(Exercise materials Opens)

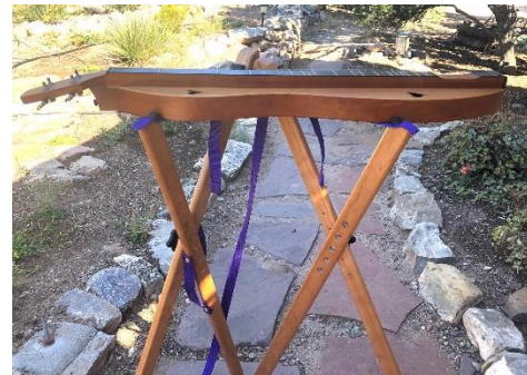
Straps are properly adjusted and dulcimer is secure and level
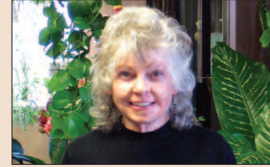
Western Bouquet EMPLOYS 3 PEOPLE 114 Barber 455-4044
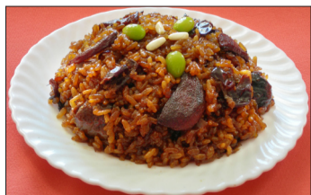
Yakpap (sweet rice dish), a national food.
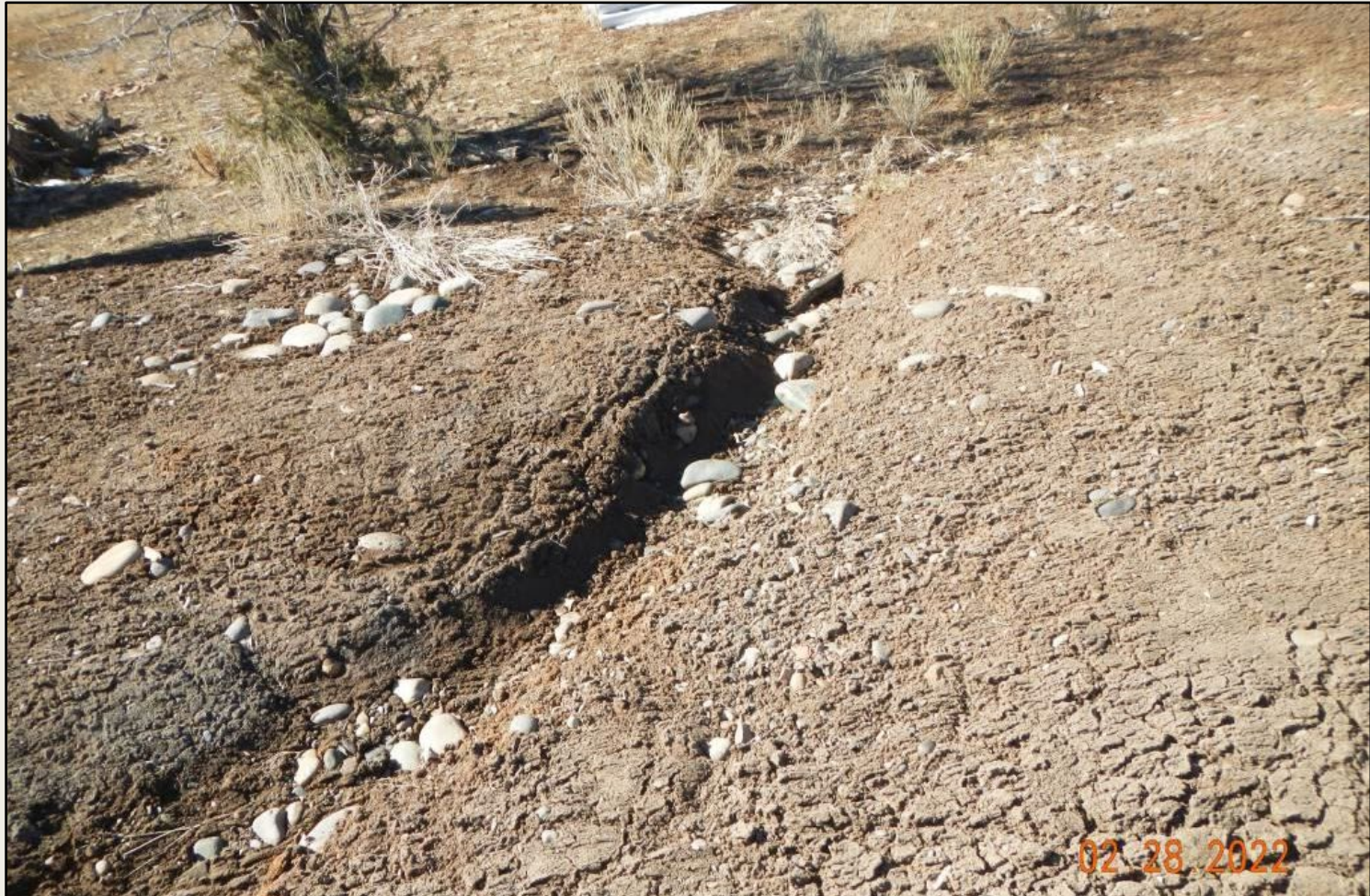
Photo 4. View of erosional channeling observed near the well pad entrance, approx. 12 inches wide and deep.
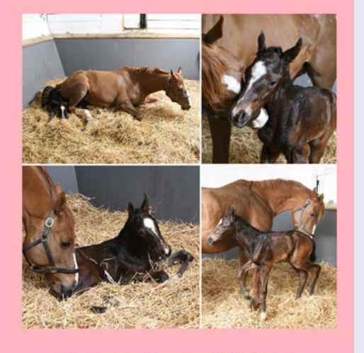
Foaled at Country Life Farm
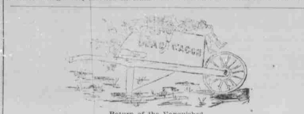
Return of the Vanquished.
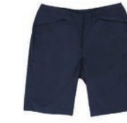
ENT600I-6262 Women's Cut Flat Front Shorts
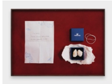
Image © Rose Salane 2023, courtesy the artist and Carlos/Ishikawa. Photographer: Damian Griffiths.
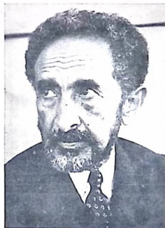
The Emperor at ECA.
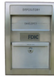
Hamilton – 68F Replace With: 98RH Kit: N/A Instructions: N/A
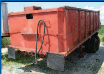
21' STEEL DUMP TRAILER
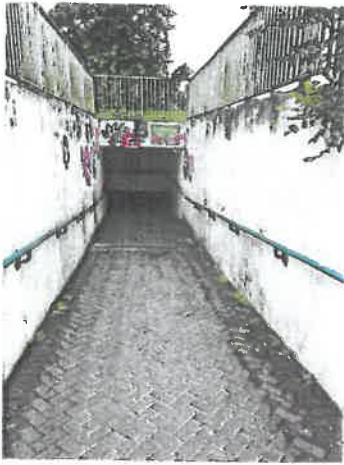
Station Hill Entrance
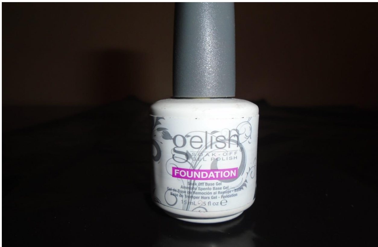
Figure 2-3. Opaque Bottle of Ultraviolet Light Cured Gel Polish Base Coat
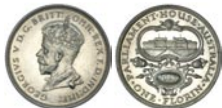
1402* George V, Melbourne Mint proof Canberra florin 1927. Nearly FDC and rare.
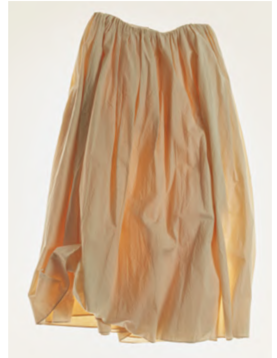
| 004 - 25 LOW WAIST SKIRT 100% COTTON CALICO 100% SEAWEED BUTTONS
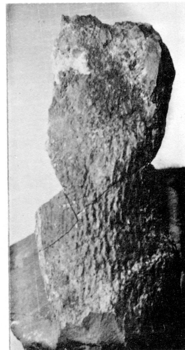
Figure 4. Decorticated trunk of Cyclostigma sp. One half natural size.
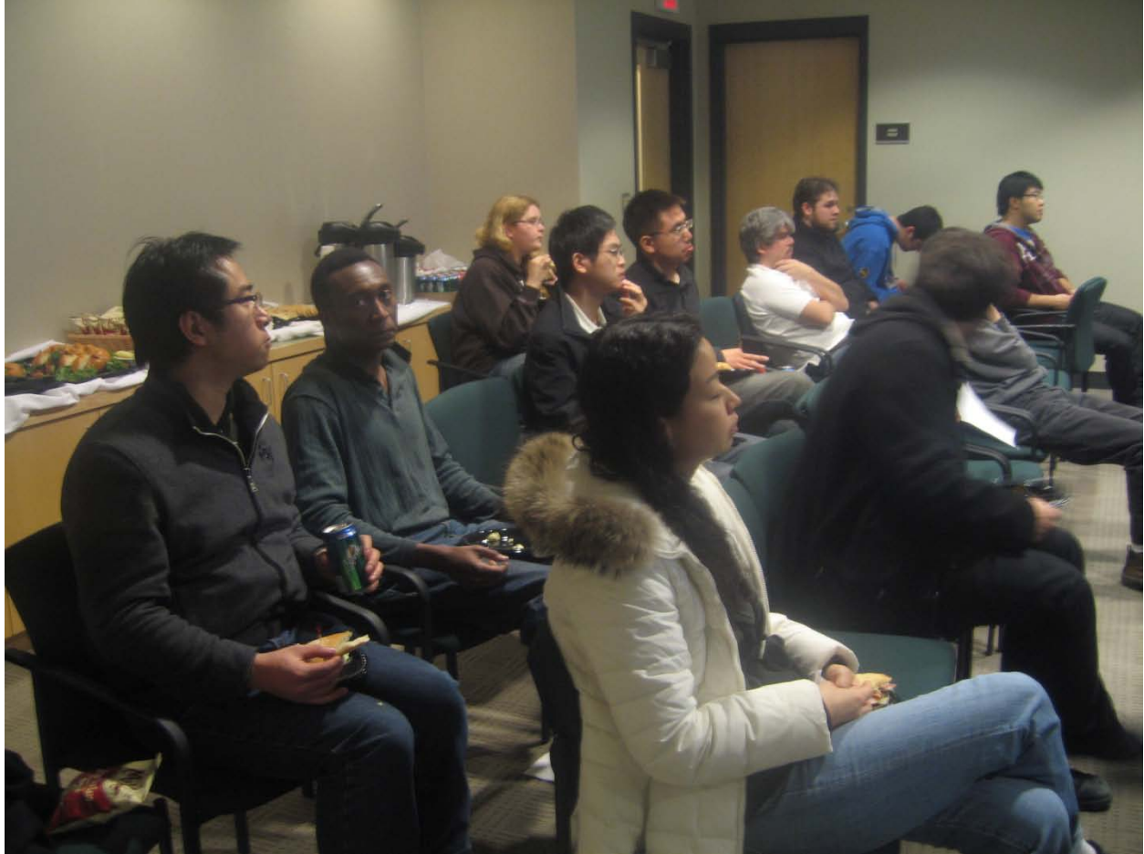
In the photo: UConn SPIE members

We revised Chapter Constitution and Bylaws based on the template provided by SPIE to meet the University requirement.
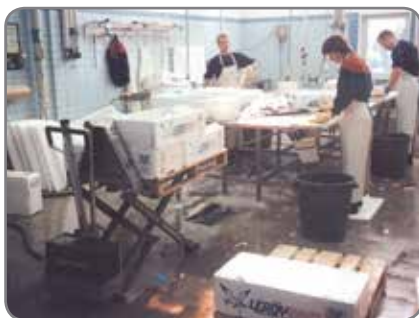
RF-SEMI - for the food industry in areas, where hygiene demands are not so high, but corrosion resistance important.
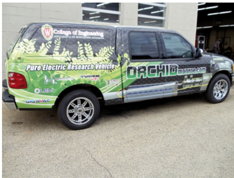
Research vehicle: With support from Orchid and Turck Phillip Kollmeyer developed an Electric Ford F150

Kollmeyer has taken full advantage of this feature to minimize the hours needed to complete the project. He explained the benefits as follows: "Many of the connections in our research vehicle are sensitive signal level cables, requiring shielded cabling. If I had to build
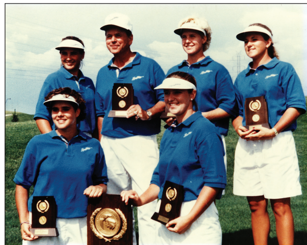
1992 NCAA Champions
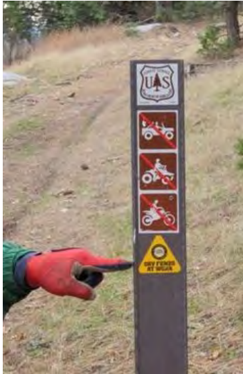
The extremist are on a mission.
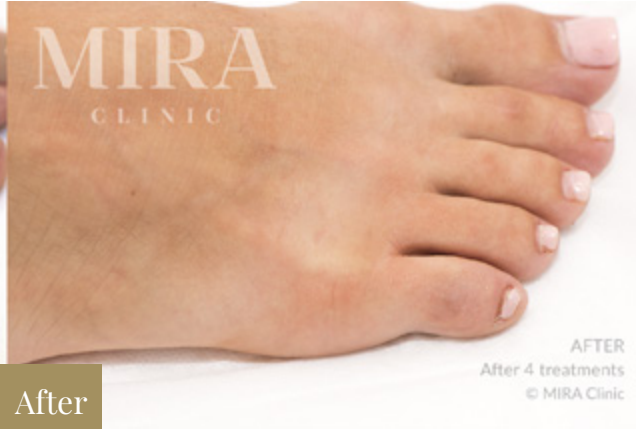
After 4 Enlighten treatments
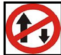
One way sign
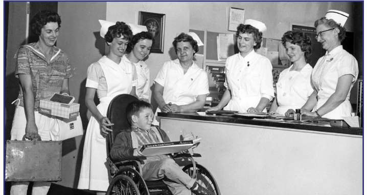
Nursing staff bid farewell to the first open-heart surgery patient at Providence Hospital, Portland, 1961. The young patient holds a "Rocky & His Friends Cartoon Kit"
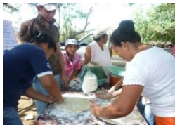
Making mold for bread

(Exercise materials Closes)

Work instruction
Every line from the one containing "Research vehicle: With" through the end of the entries above is to be copied exactly; pictures are to be left out.

Solution to the problem
Research vehicle: With support from Orchid and Turck Phillip Kollmeyer developed an Electric Ford F150

Kollmeyer has taken full advantage of this feature to minimize the hours needed to complete the project. He explained the benefits as follows: "Many of the connections in our research vehicle are sensitive signal level cables, requiring shielded cabling. If I had to build
1992 NCAA Champions
The extremist are on a mission.
After 4 Enlighten treatments
One way sign
Nursing staff bid farewell to the first open-heart surgery patient at Providence Hospital, Portland, 1961. The young patient holds a "Rocky & His Friends Cartoon Kit"
Making mold for bread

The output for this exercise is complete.